* **WHAT TO DO**:
Return nothing but the lines from the one containing "The subtle, yet" through the end of the records below, exactly as they stand and without pictures.

══ EXTRACTED DATA ══

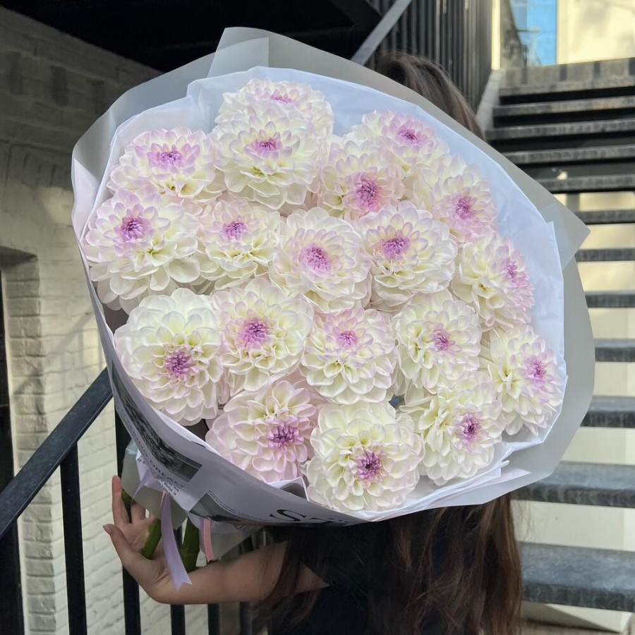 Букет из 19 бело-лиловых георгин в Берёзовском
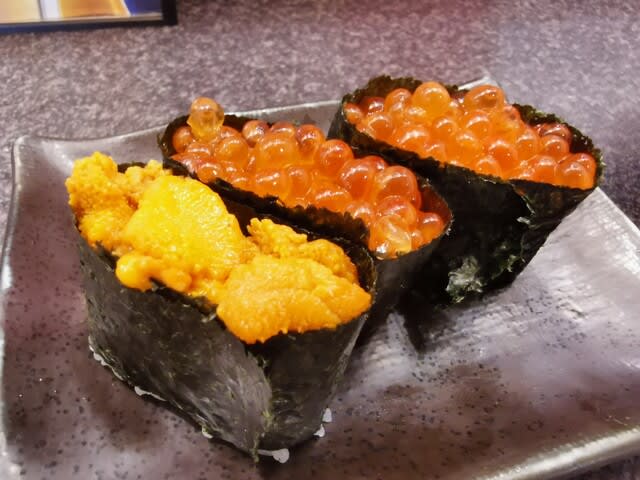 12貫で1,100円(税込)。で、ちょっと足りなかったので、うにといくらを足してみたけど。それでもそんなバカ高くない金額でお寿司食べられて幸せ♫。
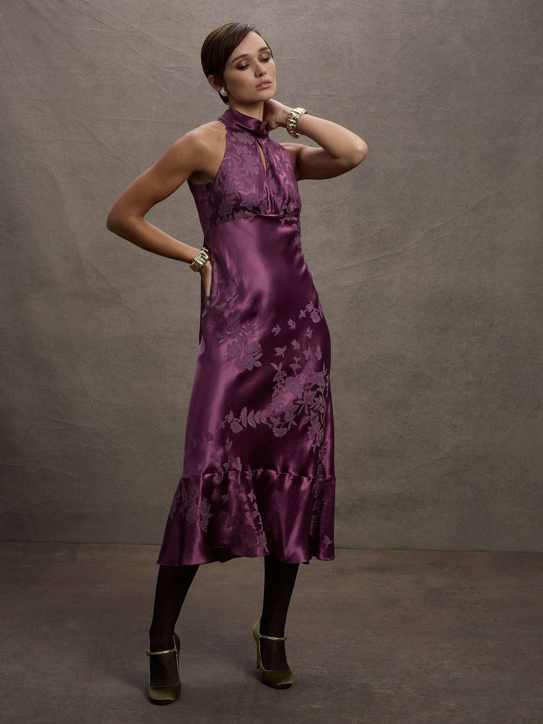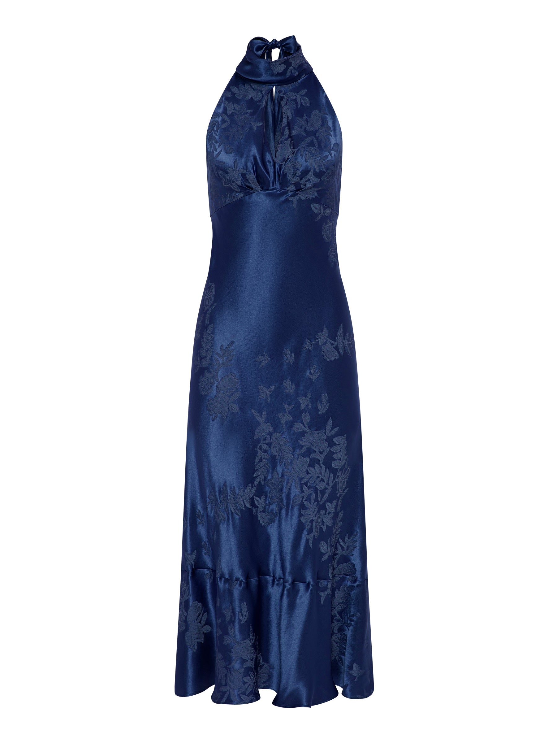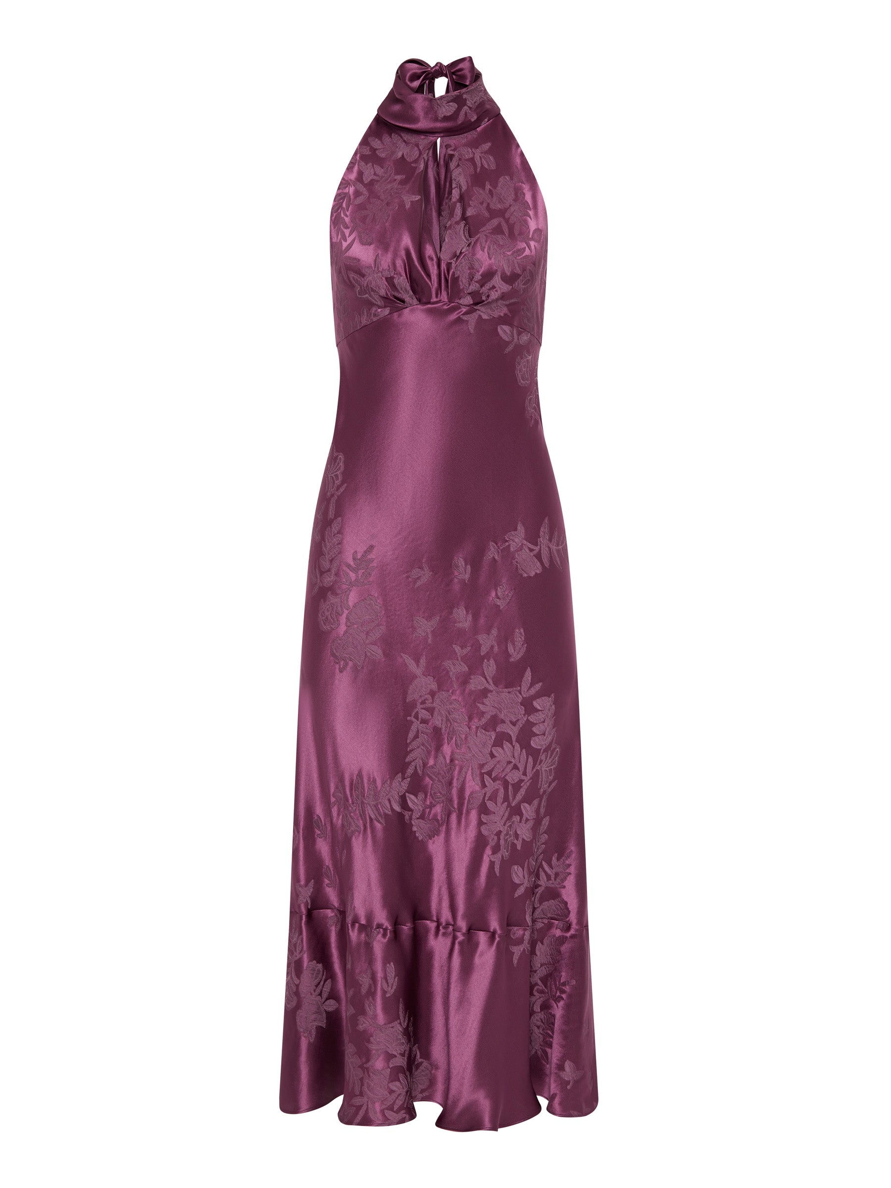 The subtle, yet striking floral motifs of the Primrose Sleeveless in a silk blend jacquard will leave a lasting impression at your next cocktail party or special event. Choose from either rich plum or royal blue to add to your trans-seasonal wardrobe. Fitted through the bodice with a cut away armhole, under bust seam and keyhole opening it secures with adjustable ties at centre back and falls to an A-line flounce hem, finishing at mid-calf.
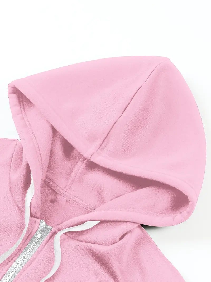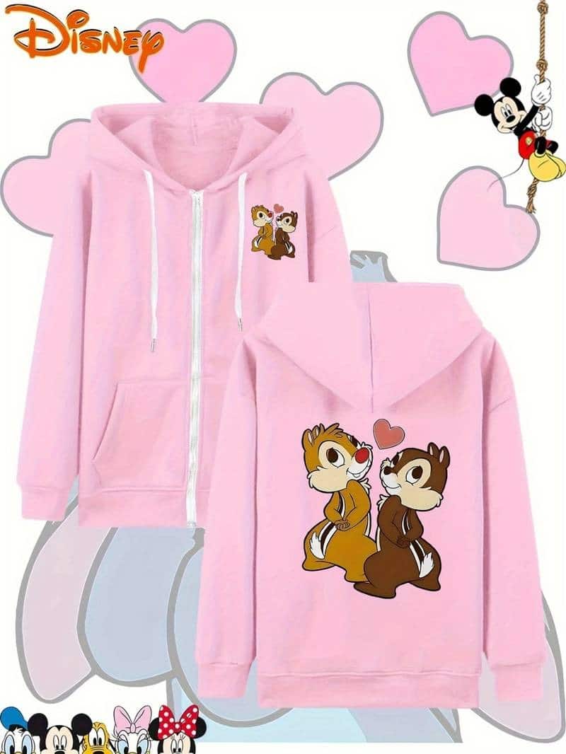 Esta preciosa chaqueta con cremallera es perfecta para fans de Disney. Confeccionada en un suave tejido rosa pastel, incluye capucha con cordón ajustable y bolsillos delanteros para mayor comodidad.
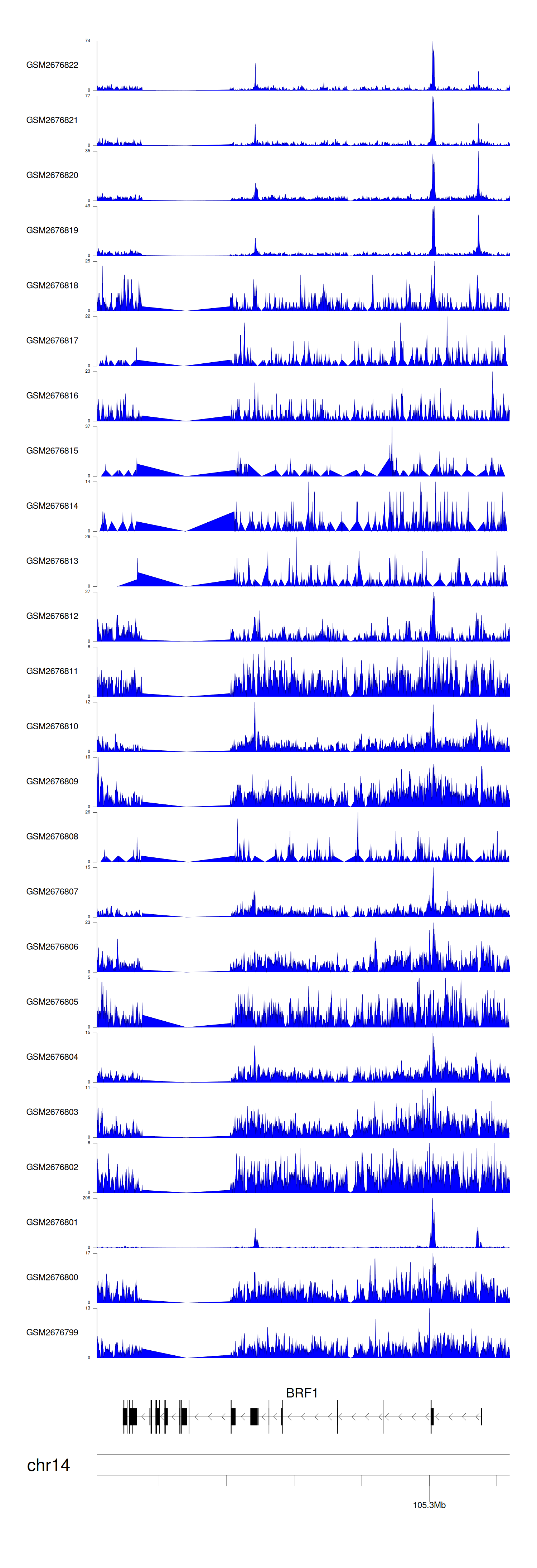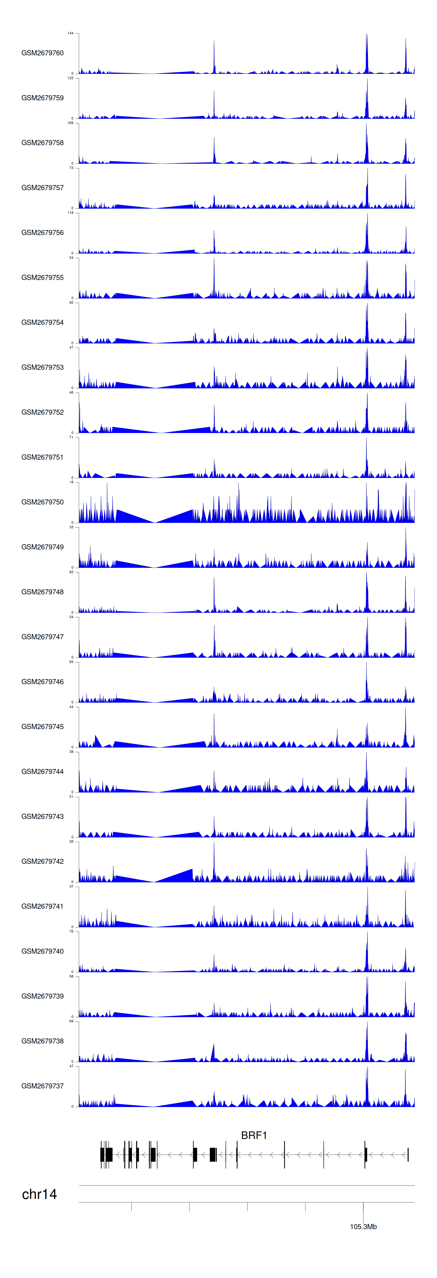 > Dataset: GSE144329 - BRF1 peak across samples

═══

* **YOUR RESPONSE**:
 The subtle, yet striking floral motifs of the Primrose Sleeveless in a silk blend jacquard will leave a lasting impression at your next cocktail party or special event. Choose from either rich plum or royal blue to add to your trans-seasonal wardrobe. Fitted through the bodice with a cut away armhole, under bust seam and keyhole opening it secures with adjustable ties at centre back and falls to an A-line flounce hem, finishing at mid-calf.
 Esta preciosa chaqueta con cremallera es perfecta para fans de Disney. Confeccionada en un suave tejido rosa pastel, incluye capucha con cordón ajustable y bolsillos delanteros para mayor comodidad.
 > Dataset: GSE144329 - BRF1 peak across samples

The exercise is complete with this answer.